Accept Known Good, in this context, solves a simple dilemma: if you don’t know who wrote the code, or if the code was modified after it was signed, you can’t make informed security decisions. All the remaining controls — sandboxing, policy enforcement, and the rest — stop being effective.

And this is, in a nutshell, what code signing does: it answers two questions:

  • Who signed this binary (Developer ID, Team, Authority)
  • Integrity: was the binary modified after it was signed?

As is often the case in security, simplicity brings effectiveness. Code Signing doesn’t care about the security posture of the code (does this code contain vulnerabilities?), whether it’s well written, or even what it does. It’s not designed to prevent malware from running either, as long as the signatures are present and valid.

From this perspective, Code Signing is a trust mechanism, not a safety one.

What is Code Signing

Cryptography alert: if you are not comfy with Cryptography basic principles, you will have some problems here. If so, just have a look at how asymmetric encryption/digest hashing works. Also Wikipedia would do.

The best way to understand what is Code Signing is to figure out how it works.

It all starts with a Mach-o File

Any executable entity on any Apple OS can be signed:

  • app main executables
  • frameworks and dynamic libraries
  • plugins and extensions
  • XPC services
  • command-line tools
  • kernel or system extensions
  • helper binaries inside bundles

All of these rely on the same underlying Code Signing architecture.

The Integrity Model: Closer to a Merkle Tree Than People Realize

One of the biggest misconceptions is the “hash → sign → done” mental model.

That’s not how Apple does it, and thank God, because that model breaks as soon as a binary grows beyond a toy.

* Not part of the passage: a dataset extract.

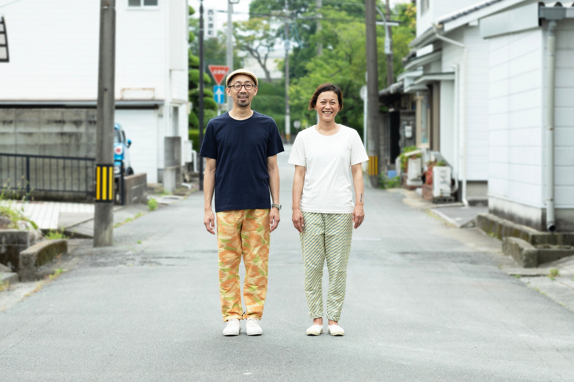 1948年創業の下川織物は八女市に唯一残る久留米絣織元。2代目の下川富彌さんは主軸で着物生地用としてつくっていた柄生地に加えて、洋服地向けとして無地生地の生産を本格的に開始。現在は3代目の下川強臓さんが受け継ぎ、生産や営業を経験を経て、糸の風合いや染め方など自分なりの技法の実験を積み重ねています。近年ではフィンランド、スウェーデンなど海外アーティストやデザイナーとの交流により作品が生み出されています。
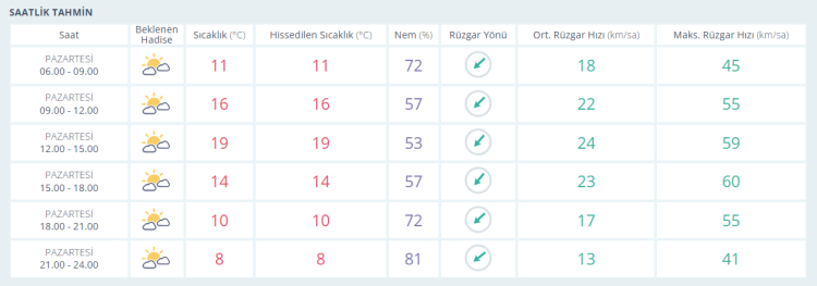 29 Nisan Salı: Parçalı bulutlu. En düşük sıcaklık 6, en yüksek sıcaklık 17 derece olacak.

Apple instead builds something structurally similar to a Merkle Tree, even if nobody in Cupertino ever uses that word:

  • every 4 KB executable page is hashed individually
  • special metadata slots (entitlements, Info.plist…) are hashed separately
  • everything is collected into a single structure called the CodeDirectory, which acts as the root of this little forest

You change a single byte in a single page? That leaf hash changes ›› That invalidates the CodeDirectory ›› That breaks the whole signature chain.

The Signature: Apple Signs the Root, Not the Binary

Once the CodeDirectory is assembled, Apple signs that, not the file itself.

This is done via CMS using your Developer ID or Apple certificate.

It’s a bit like notarising the index of a book rather than every single page: if the index changes, you know the book has changed.

This has an unspoken advantage: the signature is actually proof of identity, not just integrity.

If you break the signature, macOS doesn’t ask philosophically “Why?”. It just refuses to run the binary.

The SuperBlob: The Suitcase Where Everything Is Packed

All of this—root hash, page hashes, entitlements, requirements, signature— is stored in a single structure at the end of the Mach-O called the SuperBlob. Referenced by LC_CODE_SIGNATURE.

The structure is surprisingly elegant for something you rarely see unless you enjoy opening binaries at 1 AM “just to check one thing.” And yes: modifying anything, either inside the binary or inside the SuperBlob, breaks the chain.

There’s no “almost signed.”

It’s like being “almost pregnant” - it doesn’t work that way.

How the System Actually Verifies It

In theory, everyone can validate a signature using the public chain. In practical terms, Apple does much more. This signature is crucial for the whole process - and hence it’s crucial to obtain users’ trust.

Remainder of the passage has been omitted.